REQUIRED WORK: The reply is a verbatim copy of the listing below with its images dropped.

EXERCISE DATA:
————

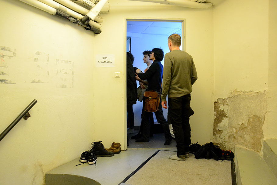 Si iels répondent "OUI", les visiteur·euse·s sont invité·e·s à monter une volée de marches et à se déchausser.
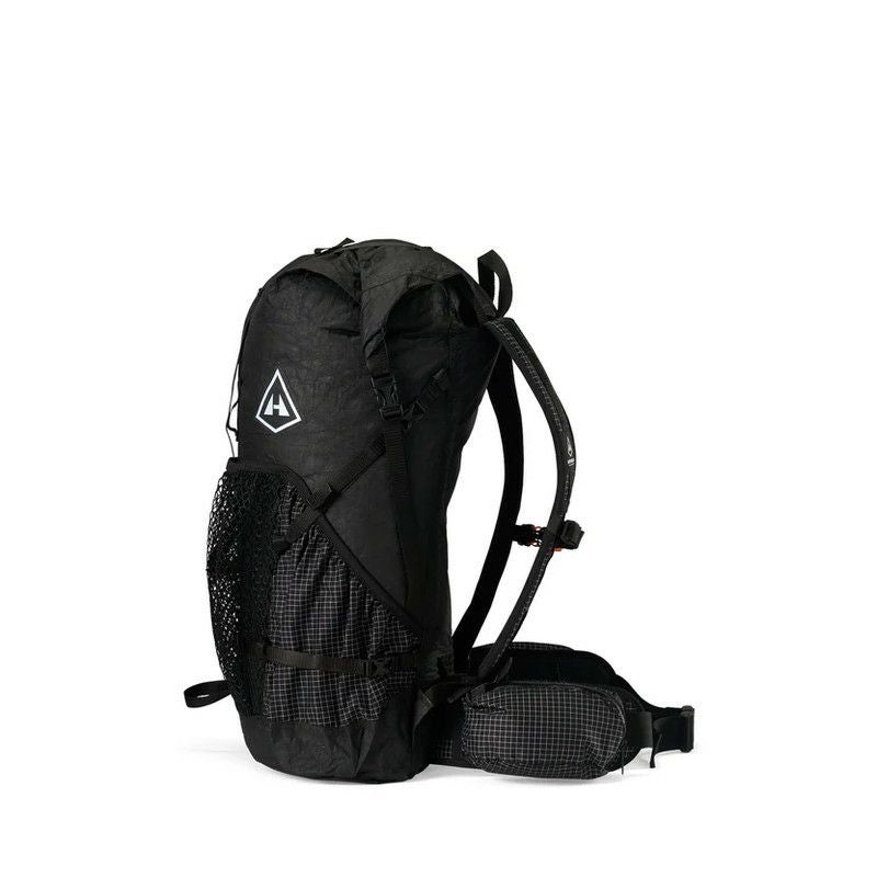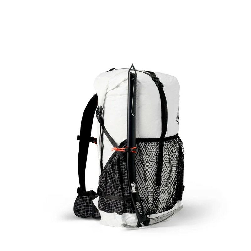 フロントポケットは地図やレインウェアを素早く取り出せる実用的な設計で、両サイドポケットはボトルやスタッフサックの収納に最適です。
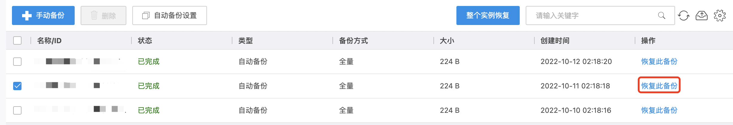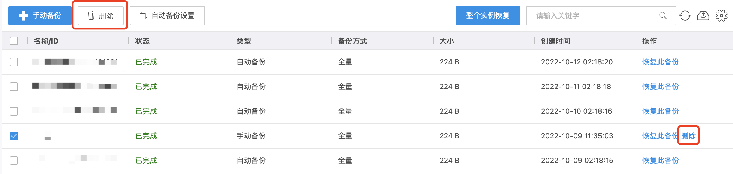 勾选备份,点击操作栏中的删除,即可删除备份,支持批量删除。(手动备份可删除 自动备份不可删除)

————

TASK RESULT:
 Si iels répondent "OUI", les visiteur·euse·s sont invité·e·s à monter une volée de marches et à se déchausser.
 フロントポケットは地図やレインウェアを素早く取り出せる実用的な設計で、両サイドポケットはボトルやスタッフサックの収納に最適です。
 勾选备份,点击操作栏中的删除,即可删除备份,支持批量删除。(手动备份可删除 自动备份不可删除)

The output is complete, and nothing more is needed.